2.5.5 DISCRIMINATION TREES FOR INFORMATION RETRIEVAL
Search structures would become much more complex if what to be accessed is not structured data. Accessing such kind of data is studied in the field of information retrieval (IR). A discrimination tree (or network) is a data structure used for storing and retrieving large numbers of symbolic objects. The basic idea behind discrimination networks is to recursively partition a set of objects. Each partition divides the set of objects into subsets based on some simple rule. In a problem solving approach called case-based reasoning [Kolodner 1993], previously acquired cases are stored in a discrimination network for convenience of later retrieval.
2.5.6 GRAPHS
A graph G = (V, E) consists of a set of vertices (or nodes), V, and a set of edges (or arcs), E. Each edge is a pair (v, w), where v, w ∈V. Various graph search algorithms have been developed. A path through a graph connects a sequence of nodes through successive arcs. Graphs serve as a useful vehicle to model many real-world problems. State space search (to be discussed later in this chapter) can usually be conducted through graph search algorithms, where the states form the vertices of a graph. Among the most fundamental graph search algorithms are depth-first and breadth-first search, which will be briefly reviewed in Section 2.8. The graph is a very general concept and many other data structures can be considered as special cases of a graph. For example, a
tree can be viewed as a graph in which two nodes have at most one path between them. A network can also be considered as a graph. Graphs play an important role in computational intelligence problem solving. Various problem solving constructs to be introduced in the next few chapters are all variations of graphs, such as entity-relationship diagrams for conceptual data modeling (Chapter 6), conceptual graphs and frame systems for knowledge representation (Chapter 6), as well as others.
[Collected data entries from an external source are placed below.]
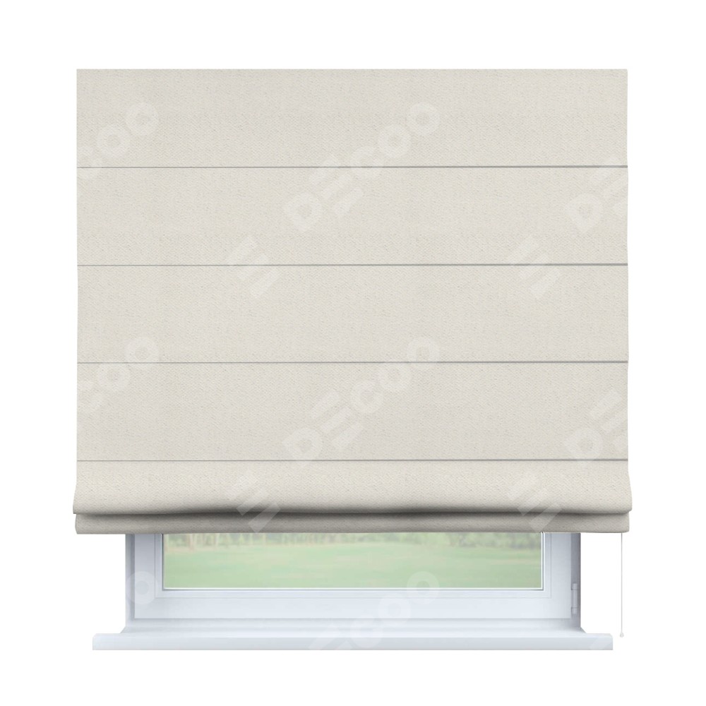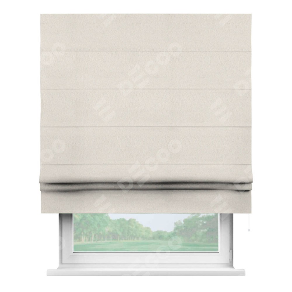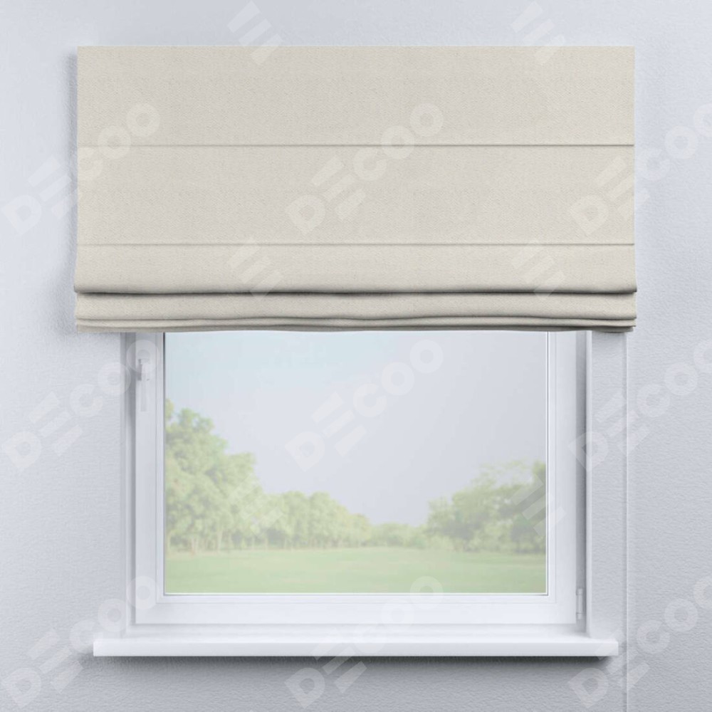 Римская штора производителя «Cortin», используется для проёма, пошита из ткани блэкаут тиснение с блеском светло-серый, артикул ткани 34633. Изнаночная сторона материала черного цвета, что обеспечивает необходимую светонепроницаемость. Имеет универсальный механизм и подходит для монтажа: на потолок, на стену и в нишу.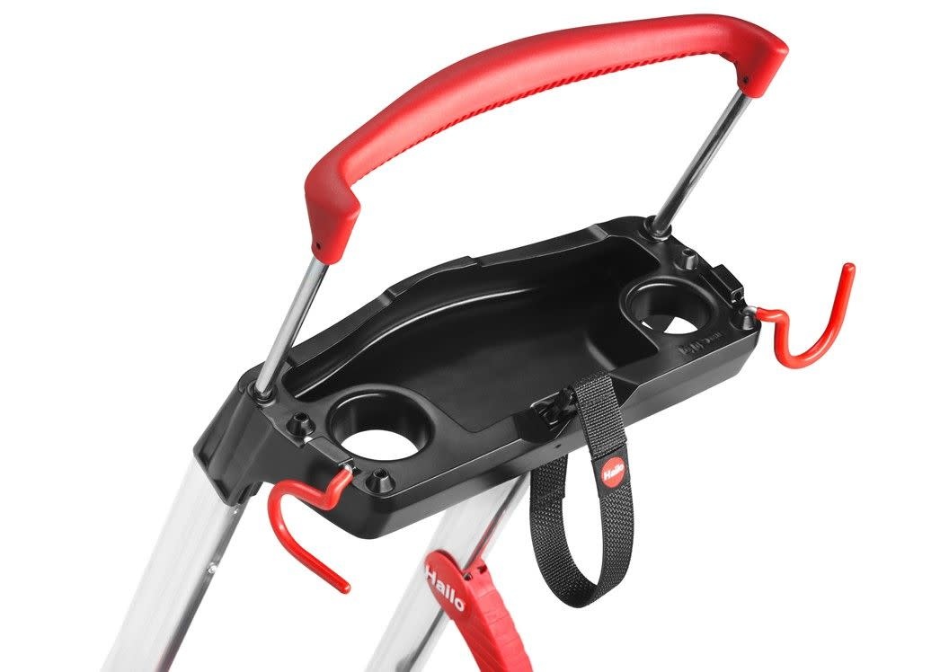 De Hailo L95 huishoudtrap maakt het uitvoeren van reparatie- of schoonmaakwerk in huis, in de tuin of op de werkplaats eenvoudiger en veiliger. De trap is uitgerust met extra brede treden (13 cm) met anti-slip patroon en een verzinkt stalen platform, waardoor je extra stabiel en comfortabel kunt staan.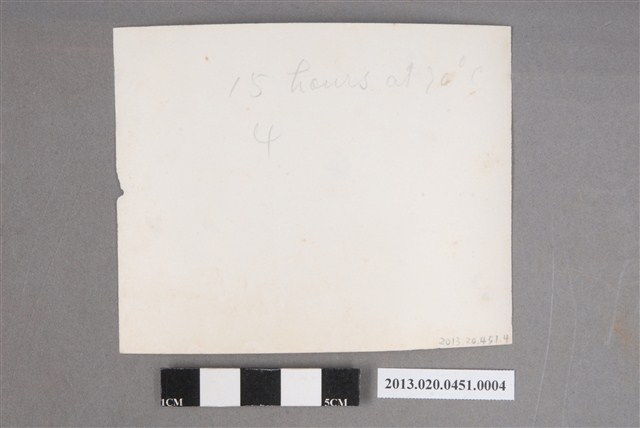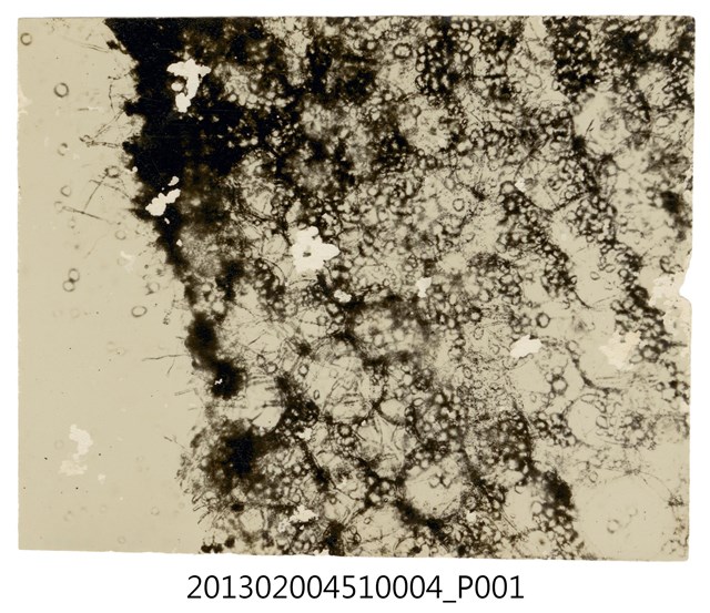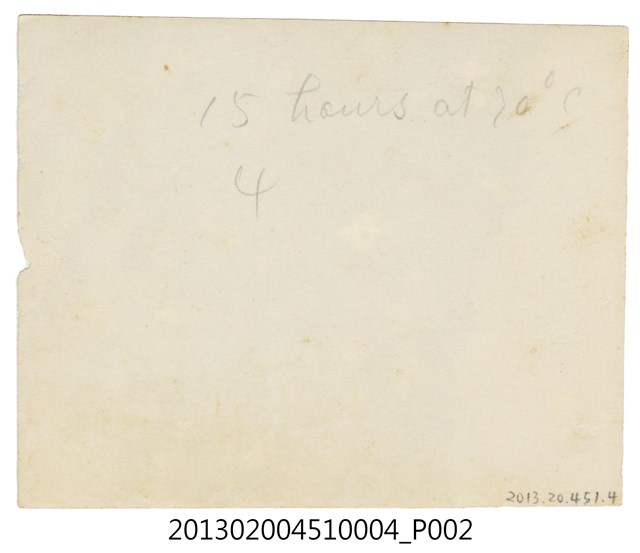植物細胞組織的顯微照片,背面有鉛筆註記字樣,「15 hours at 30 ºC」、「4」。照片尺寸通稱為4吋,沖印製作方式應該是用1:1印相的方式製作。照片上有塗抹的白色斑塊,在影像的中間、左上、左下、右邊的位置,這是因為沖洗完成的底片,上面的藥膜可能有刮傷脫落,為了避免沖洗出的照片上面會出現黑色斑點,所以用墨汁在底片上修補,因此沖洗出來的照片上會有白色的斑點。照片表面深色的部分有褪色和硫化銀的反光現象。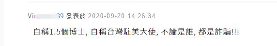 还有网友则对民进党当局开启嘲讽模式:「(蔡英文)自称博士,(萧美琴)自称『台湾驻美大使』,都是诈骗!」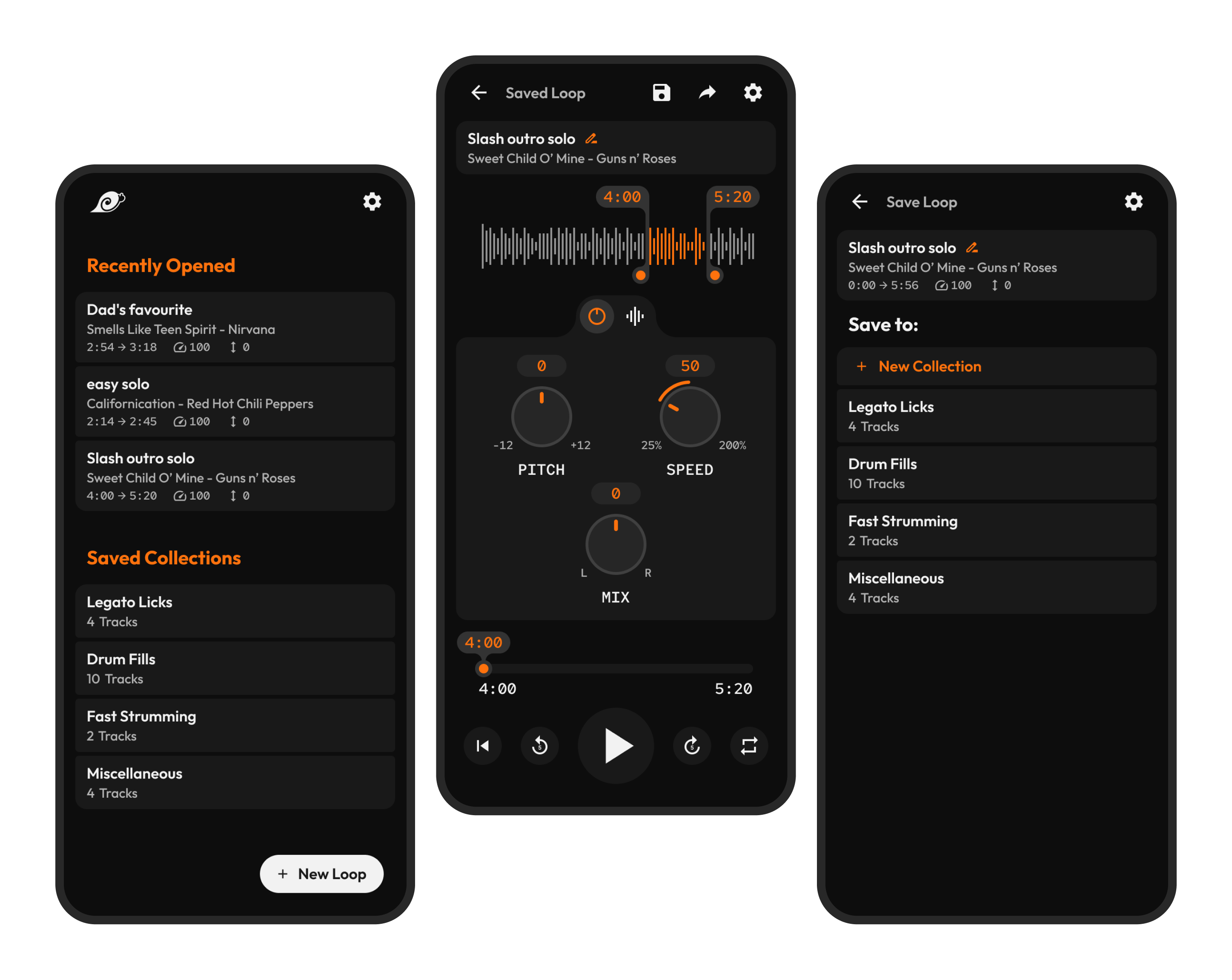 Users create new loops when practicing a new track, but more often than that, they want effortless access to previously created loops. The new app flow allows the user to save loops into named “collections” to improve findability. The user can create new collections to best fit their own categorization models. As per the redesigned IA, the user lands on a new home where they are presented with “Recently Opened” loops and their “Saved Collections.”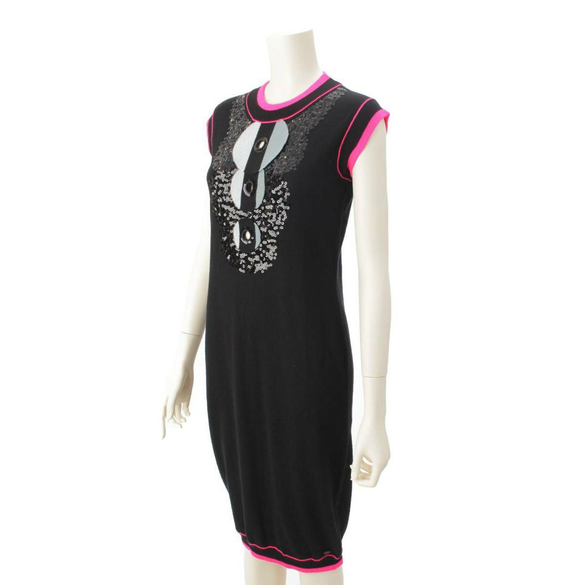 シャネル 08P ノースリーブ スパンコール ビーズ ニット ワンピース P33257 ブラック 36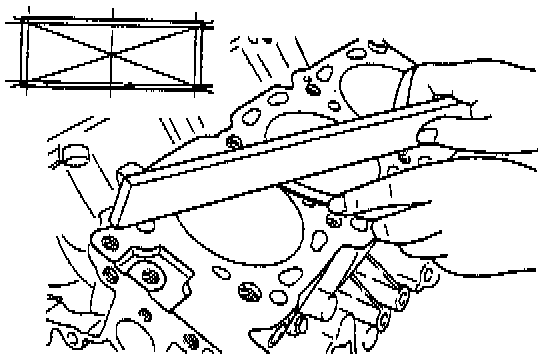 (2) Using a straight edge and feeler gauge, check the block top surface for warpage. Make sure that the surface is free from gasket chips and other foreign matter.
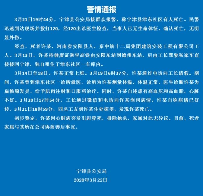 经查,死者许某,河南省安阳县人,系中铁十二局集团建筑安装工程有限公司工人。3月13日,许某持健康证乘坐高铁由安阳东站到德州东站,后由工长驾驶私家车直接接回宁津,独自租住于津东社区一车库内。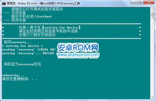 2:努比亞Z9 mini recovery刷入完成之後會有提示的。

2.5.7 REMARKS ON SEARCH OPERATION
One of the very important operations in many data structures is search, which is the operation of looking for a specific item in a data structure. It is interesting to note that relationship between search operation and operations under other names. For example, a "find" operation frequently means searching the data structure. Retrieval of information usually involves search, but may also involve some additional operations (for example, perform reasoning based on the result of search). Searching a tree or a graph may require visiting all the elements in that data structure (if the target of search is not there), in this case the search operation actually has the same effect of the traversal operation. For example, the depth first search (DFS) algorithm in graphs is an extension of the preorder traversal in trees. It can be considered as an extension of pre-order traversal for (ordered) trees. The search follows a particular direction (usually the leftmost), going as far as possible, until a dead end is reached. A backtrack then occurs and search continues in the same fashion until all the vertices have been visited. Breadth first search (BFS) in a graph can be considered as an extension of level order traversal for the trees. One thing we should keep in mind about graph search algorithms is that we should avoid visiting the same node more than once.